(Available data)
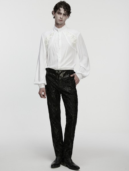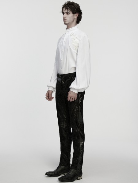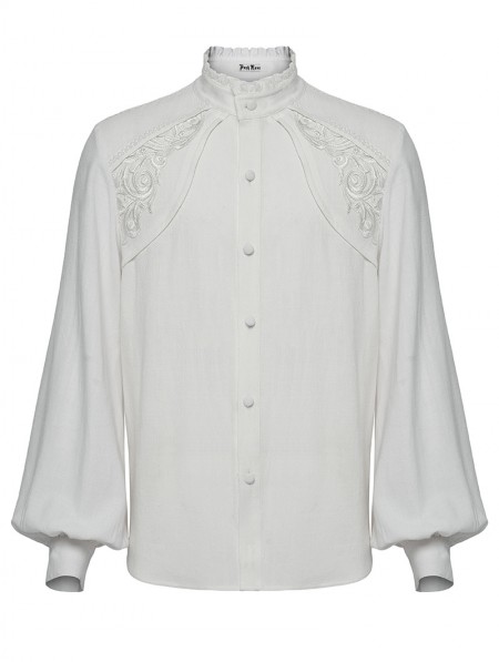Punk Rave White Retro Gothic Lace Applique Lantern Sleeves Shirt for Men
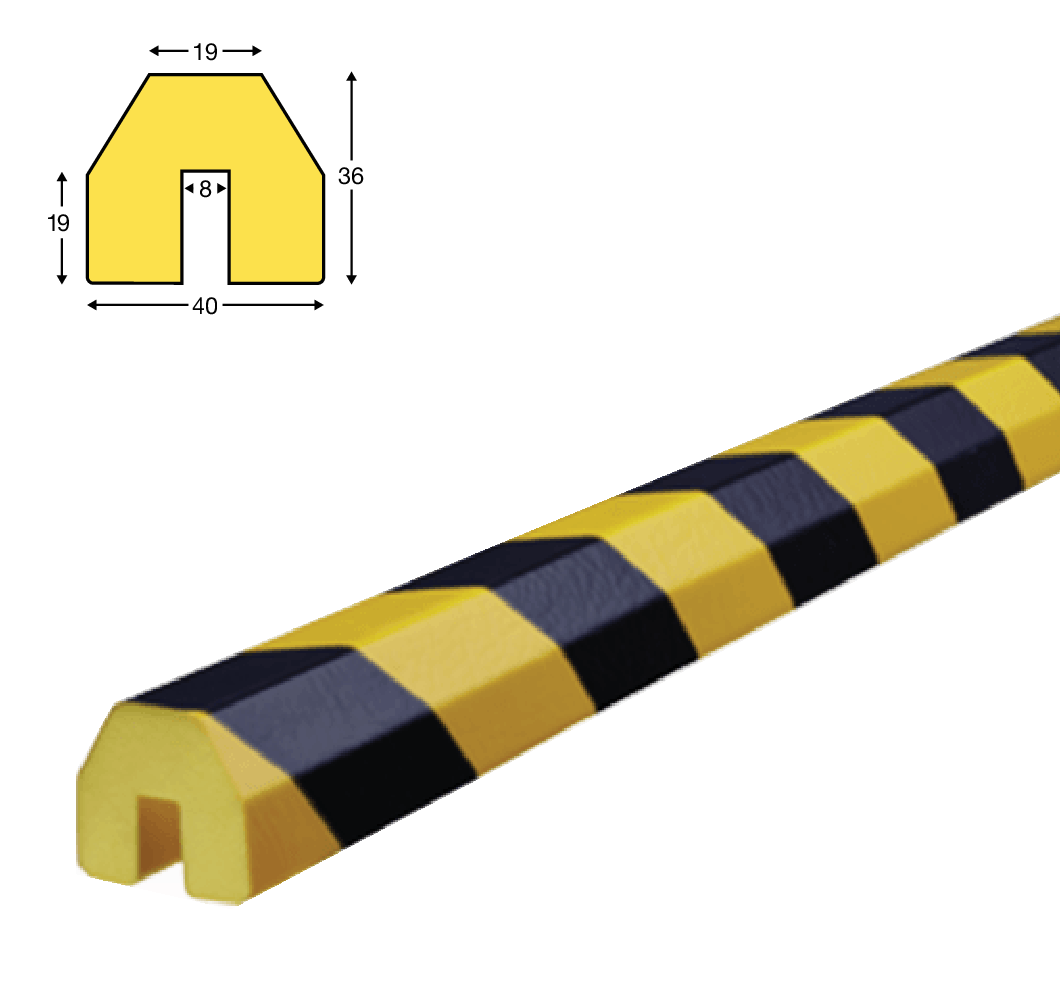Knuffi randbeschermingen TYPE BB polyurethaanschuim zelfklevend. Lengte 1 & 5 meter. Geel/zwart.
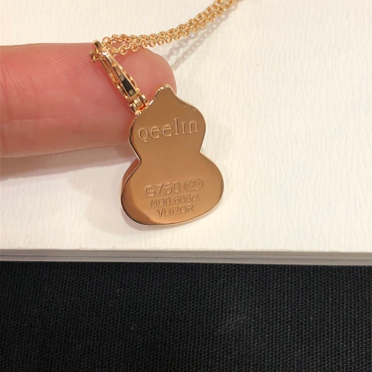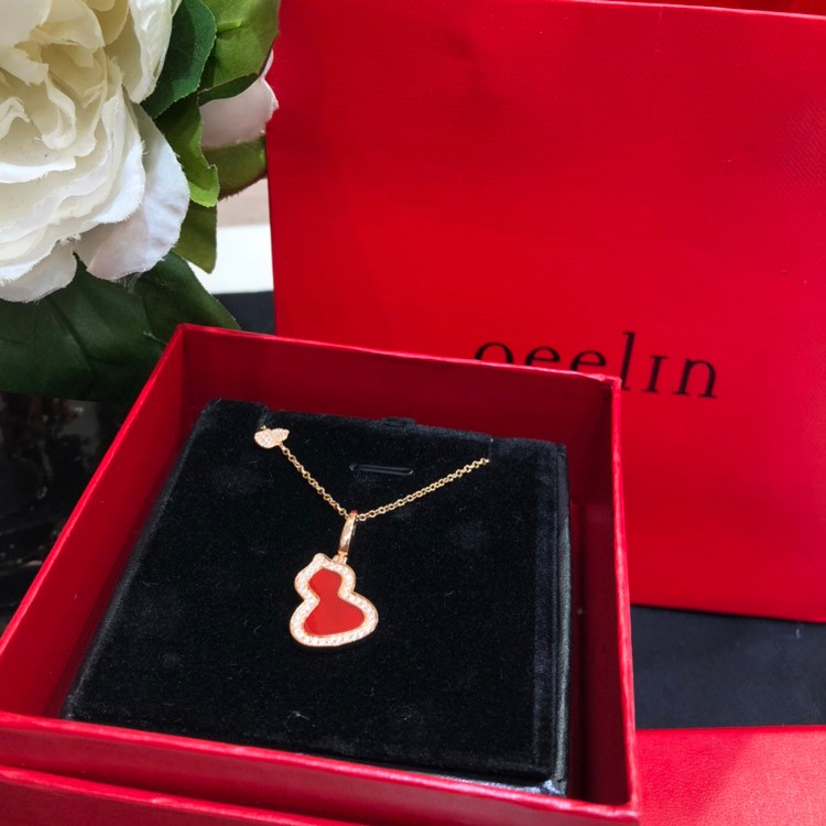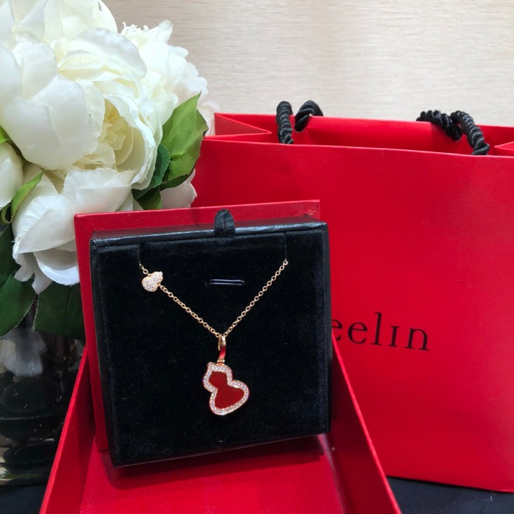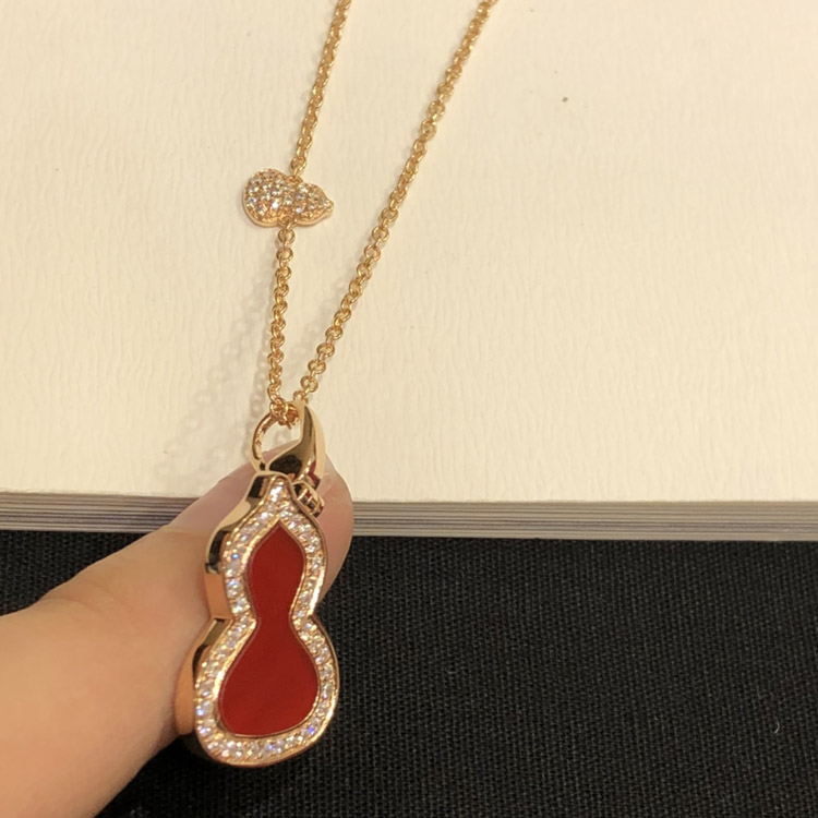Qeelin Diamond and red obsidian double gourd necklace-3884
(End Available data)
_Problem to solve:_ Omit the images; transcribe the listing verbatim.

_Solution to the problem:_
Punk Rave White Retro Gothic Lace Applique Lantern Sleeves Shirt for Men
Knuffi randbeschermingen TYPE BB polyurethaanschuim zelfklevend. Lengte 1 & 5 meter. Geel/zwart.
Qeelin Diamond and red obsidian double gourd necklace-3884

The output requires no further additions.